The cure

What if scientists found the cure to obesity? But there’s a catch. You’d lose weight all right – almost all of it. You’d only be able to maintain a body weight that could, at a bare minimum, just nominally keep you alive. You’d look like you were starving. People would come up to you off the streets and be like, “Hey Mister, are you OK? Can I buy you a sandwich? Please?” And you’d feel fine, I mean, you’d feel as fine as somebody could who barely had anything protecting their insides other than a thin layer of skin. But would it be wroth it? Would you take that medication? I personally love free sandwiches, but I mean that’s still a pretty big decision to make.

Or what if this magical weight loss formula only worked depending on how much weight you currently carried? Like if you were three hundred pounds overweight, you’d go in for the treatment, and you’d come out looking way too skinny, like almost dead. But if you were only fifty pounds overweight, you’d only lose some of the weight, not all of it. And so people would try to find that sweet spot, that weird weight where, if you weighted exactly X amount of pounds, and went in for the surgery, you’d come out looking fine.

What if this stuff wasn’t just for obesity? What about depression? Would you rather be so morbidly depressed, unable to even get out of bed, ever, or would you rather my hypothetical cure? The cure would be that you’d constantly be so happy, that you’d be laughing uncontrollably, all the time. You wouldn’t be able to stop. Maybe if you tried really hard, like worked at holding in the laughter as hard as you could, you’d be able to pause it, but only for a second. Because as soon as you got yourself under control you’d remember something funny you read on some guy’s funny-business blog and you’d start laughing again.

Allergic to peanuts? That sucks. Peanuts are awesome. But you know what’s even worse? Being allergic to everything in the world except peanuts. Once I get rich I’m going to funnel trillions of dollars into a drug company to make a medication that does exactly that: cures people of their peanut allergies but makes it so they have to only eat peanuts for the rest of their life. And I’m serious with the “only peanuts” business. Like not even any salt. Just plain unsalted peanuts. And after a day I’d go visit the people who signed up for my drug trials and I’d lecture them, “Well, was it all worth it? Isn’t this what you’ve always wanted, to be able to eat peanuts?” And they’d cry and beg for the antidote, and I’d say, “You fools! There is no antidote! Bwahahah!” and they’d try cry and scream, but they wouldn’t be able to because, think about it, imagine that feeling you get after eating a whole spoonful of peanut butter. It’s like cement in your mouth. That’s what these people would be dealing with forever.

Hair loss is such a common problem among men. So common that you would have thought some genius pharmaceutical researcher ought to have come up with a solution by now. I think you can all guess where this one is headed: a topical solution that, when applied to the head, causes hair to fill in all the bald spots. But it doesn’t stop there. It fills in every single spot on your body where there isn’t any hair with thick, dark locks. It gets better. For all of the places where there was hair, those hairs fall off. So you just see these guys that look like giant apes, except for bald lines where their eyebrows were and weird hairless patches on the sides and back of their heads. The effect would be even more pronounced on guys who had hairy arms or hairy backs. They’d look like a bunch of freaks.
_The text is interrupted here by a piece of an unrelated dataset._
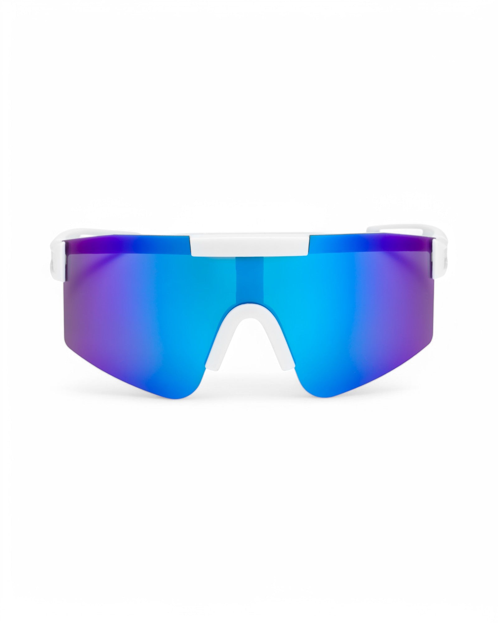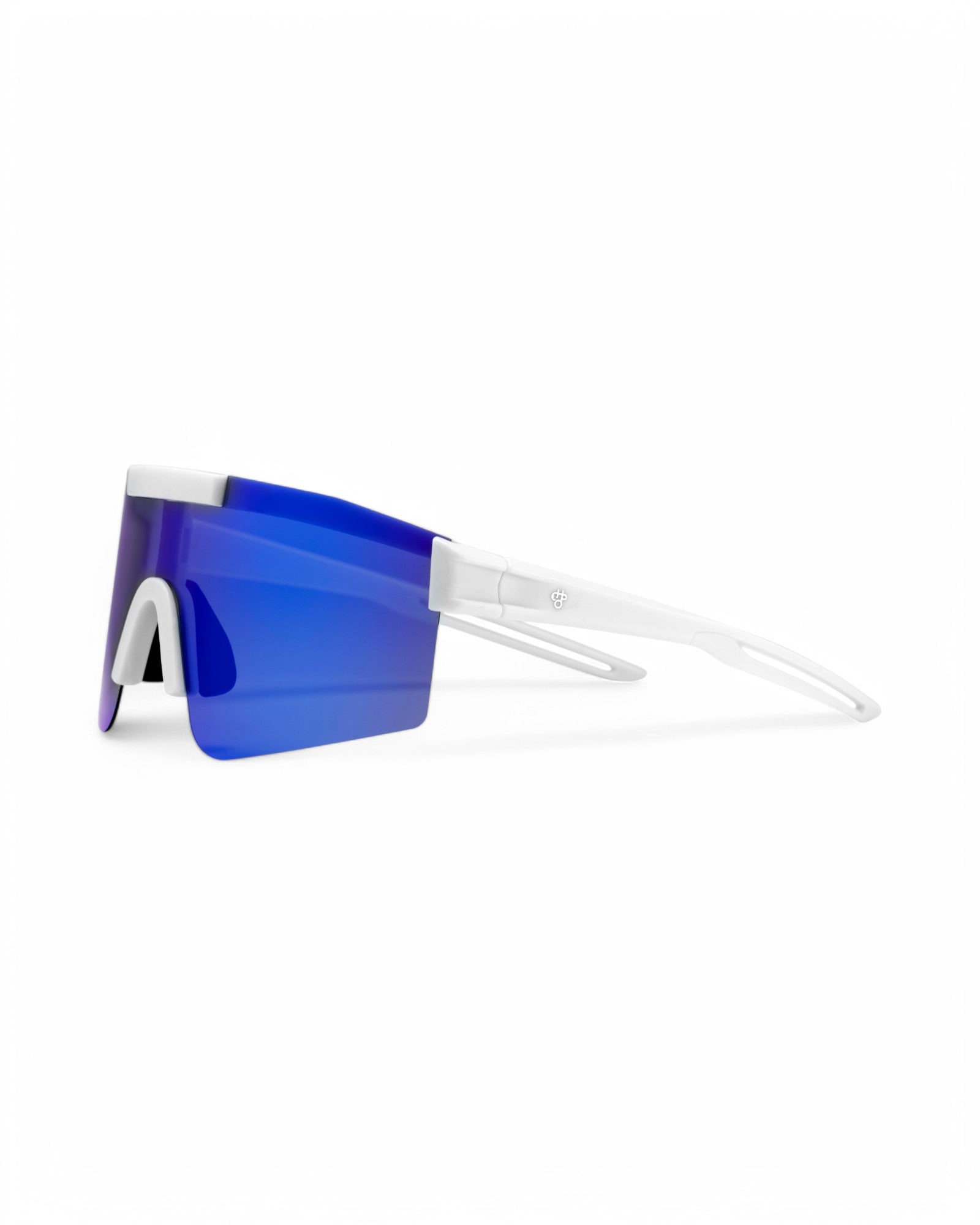 Luca keeps it cool and understated—smooth lines built for timeless appeal. White frames and Blue Mirror lenses—smooth lines, timeless finish.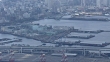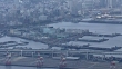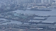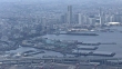April 13, 2017, aerial shot of Yamashita Wharf located in front of Yamashita Park; zoom out to waterfront area of Yokohama and Port of Yokohama

I could do this forever. Not sure about Viagra? I’ll invent a pill that’ll give men permanent erections. How about restless leg syndrome? My treatment gives a lasting rest to your poor legs, but the rest of your body starts gyrating uncontrollably. Guess what my insomnia pills do? They do the exact opposite of what my narcolepsy pills do. What about an osteoporosis procedure that makes your bones so healthy and so strong that you can’t even lift them, in fact, they’re so heavy they fall right out of your body as soon as the therapy is done? Maybe that last one was a little too much …

Strep throat sucks. It’s a good thing that I didn’t invent penicillin first, because if I did, it would cure your sore throat but give strep to everything else. Can you imagine how painful strep hand has to be? Or strep face?

Jesus, I can’t believe I got a whole blog post out of this. You’re welcome/I’m sorry.